During an appearance with Canadian Prime Minister Justin Trudeau before the leaders of the Group of Seven industrialized democracies gathered in Quebec, Emmanuel Macron didn’t just reflect on the policies that put Trump at odds with many of the other participants, though there are plenty of those. (See: Trump pulling out of the international Paris climate-change pact, withdrawing from the multilateral Iran nuclear agreement, and imposing steep steel and aluminum tariffs on Europe, Canada, and Mexico.) The leader of America’s oldest ally also stated that the U.S. needed to be persuaded to remain in the “community of nations”—to stay not in the narrow confines of the Paris accord or the Iran deal or some free-trade agreement with the European Union, not even in the broader transatlantic alliance, but in the broadest dimension of the civilized world.
The implication was that, left to his own devices, the American president might go rogue and defy both the values that bind his country with its allies and the international laws and norms that the United States, France, and other partners helped construct out of the ashes of World War II.
But in the effort to keep America in line, Macron said, according to his own translation of the remarks, “we must never sacrifice our interests or values.” On Friday, when Trump arrived in Quebec, the French president posted a video of the effort in action: Macron sitting snugly on a couch with the U.S. leader in an effort to keep “the dialogue alive” and “promote the interests of the French people, and all those who believe in a world we can build together.” (My colleague Krishnadev Calamur recently noted how, in the wake of Trump’s tariffs, Trudeau too has been characterizing the United States in ways that bring to mind a rogue state—contrasting the common sense and goodwill of the American people with the folly of the Trump administration.)
At his press conference with Trudeau, Macron called Trump’s tariffs, which risk plunging the United States and its allies into a spiraling trade tit-for-tat, “unilateral and illegal.” He warned that the United States was embracing isolationism and neglecting “its own history, its own values.” Ahead of the G7 meeting—which includes Canada, the United States, Japan, France, Italy, Germany, and the United Kingdom—he notedthat while Trump may not “mind being isolated,” the other “six countries represent [shared] values” and “true international force.” He vowed to “fight hegemony,” which he defined as the “survival of the fittest,” a concept he has previously associated with those who practice unilateralist foreign policy. “Hegemony,” Macron said, spells “the end of the rule of law.”

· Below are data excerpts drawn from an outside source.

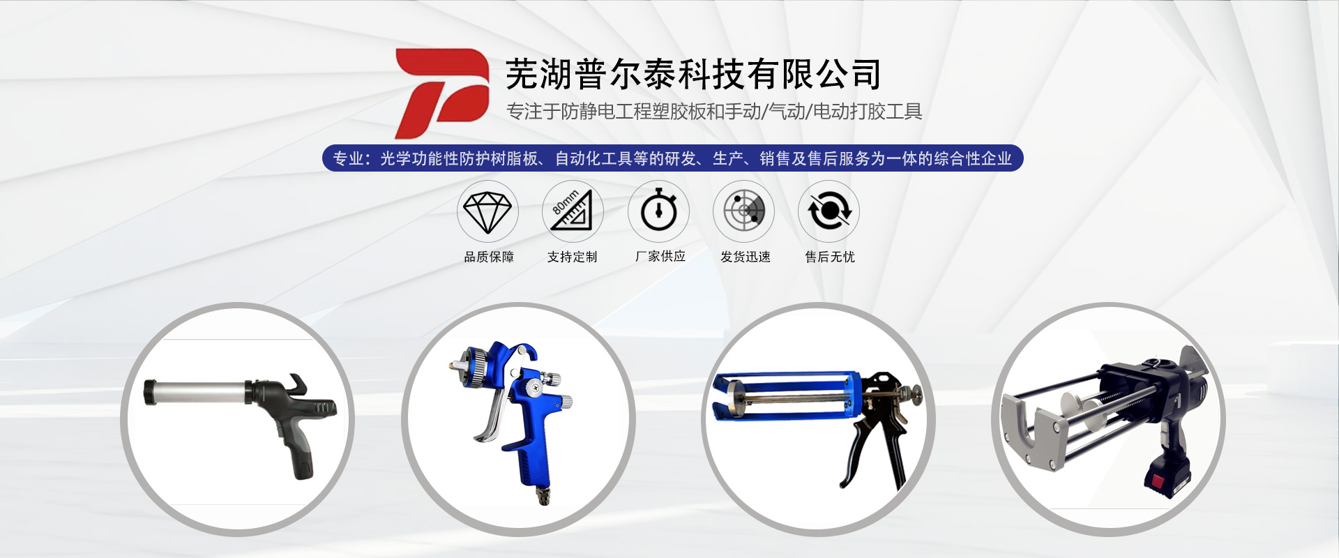 蕪湖普爾泰科技有限公司是深圳迪特邁克實業有限公司的全資子公司,坐落于享有皖江明珠之稱的安徽省蕪湖市,占地面積約1000多平方米,項目前期總投資約1000萬元。公司是一家專業致力于光學功能性防護樹脂板、自動化工具、防靜電PC板、防靜電PVC板、防靜電有機玻璃板、電動膠槍、氣動膠槍、手動膠槍等的研發、生產、銷售及售后服務為一體的綜合性企業,公司擁有一批在該領域有多年經驗的專業人士。 公司產品廣泛應用于國內外電子電氣、通訊制造、液晶顯示、電子裝備、半導體、精密儀器、醫藥、光學制造、車輛制造、新能源及建筑裝飾等行業。其中公司自主研發的“電動膠槍工具”打破國際技術壁壘,結束了此產品依靠進口的歷史。產品經過市場運用,收獲了良好的客戶口碑。公司注重新產品的研發創新,擁有高性能涂料及制品專利二十六余項。代表國內發展前沿水平,主導或參與多項行業標準的建設,立志于做高效性樹脂板材及自動化工具標準的建設者和先行者。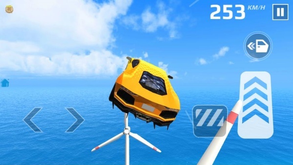 4、进行高空特技场景操作时,要留意速度表,通过方向键把控车辆平衡;碰到风力发电机这类障碍物,需提前调整行驶方向,同时借助加速键维持高速状态通过。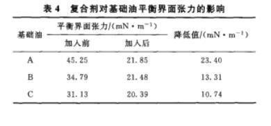 復合劑對不同基礎(chǔ)油界面張力的影響差異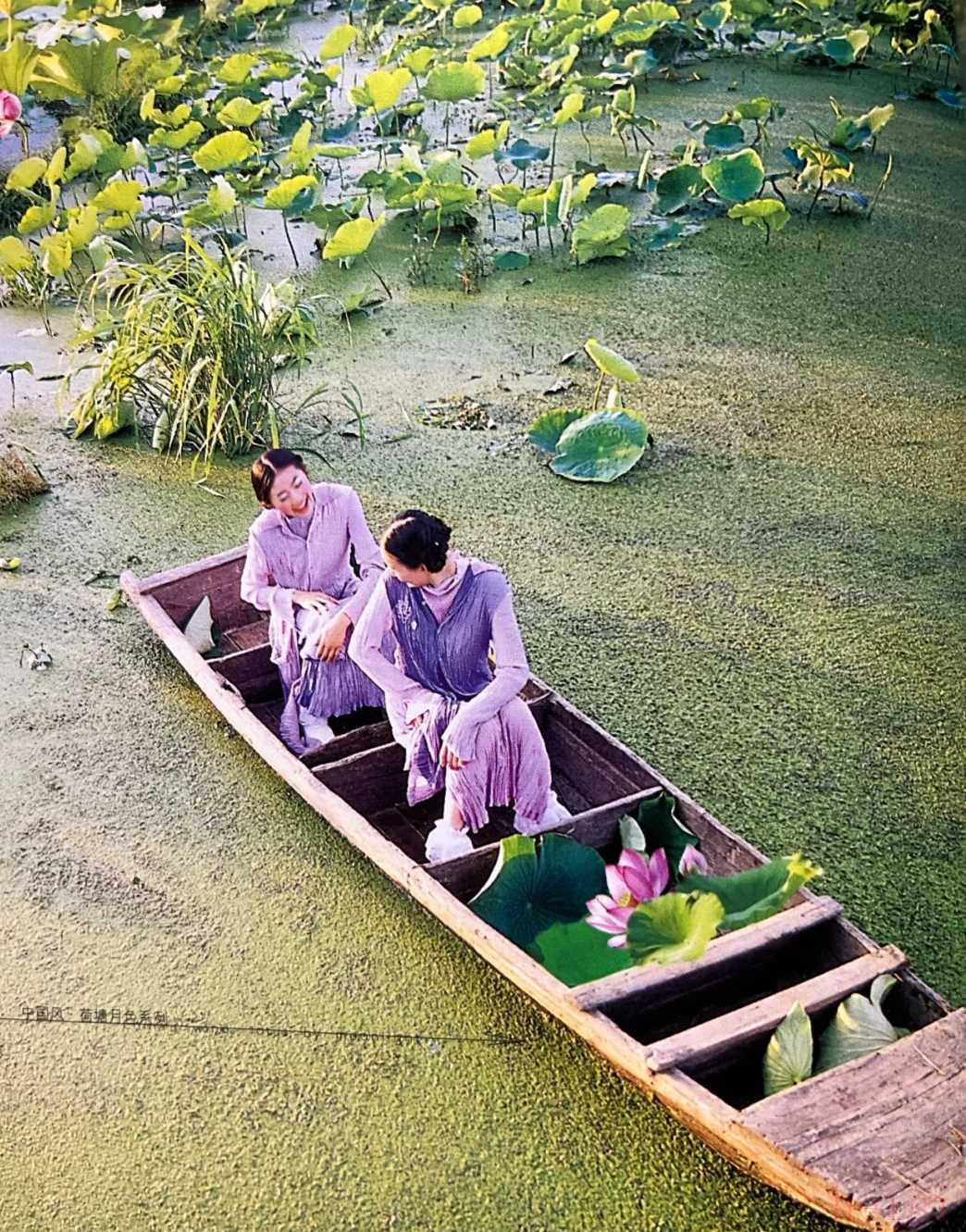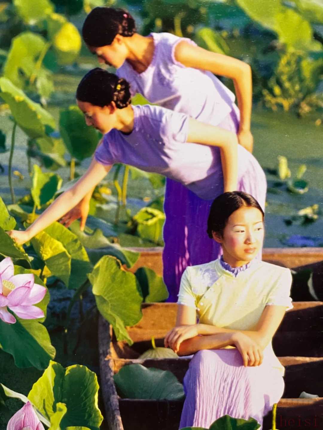 少女们梳着或盘起传统的发式,身穿荷花刺绣的改良的旗袍上衣,在开满碧荷的池塘中,尽显东方古典神韵,意境十足。

And Macron, it turns out, has company. On Friday, European Council President Donald Tusk, who warned days into the Trump administration that the new American president posed a threat to European unity, arrived in Quebec for the G7 summit and reported that the threat, in fact, was actually much bigger than that. The “rules-based international order is being challenged,” he argued—“not by the usual suspects, but by its main architect and guarantor: the U.S.”
“We cannot force the U.S. to change their minds,” Tusk noted. “At the same time, we will not stop trying to convince our American friends and President Trump that undermining this order makes no sense at all. Because it would only play into the hands of those who seek a new, post-West order, where liberal democracy and fundamental freedoms would cease to exist. This is in the interest of neither the U.S. nor Europe.”
This order and these values are worth fighting for, Tusk insisted. “They define our way of life.”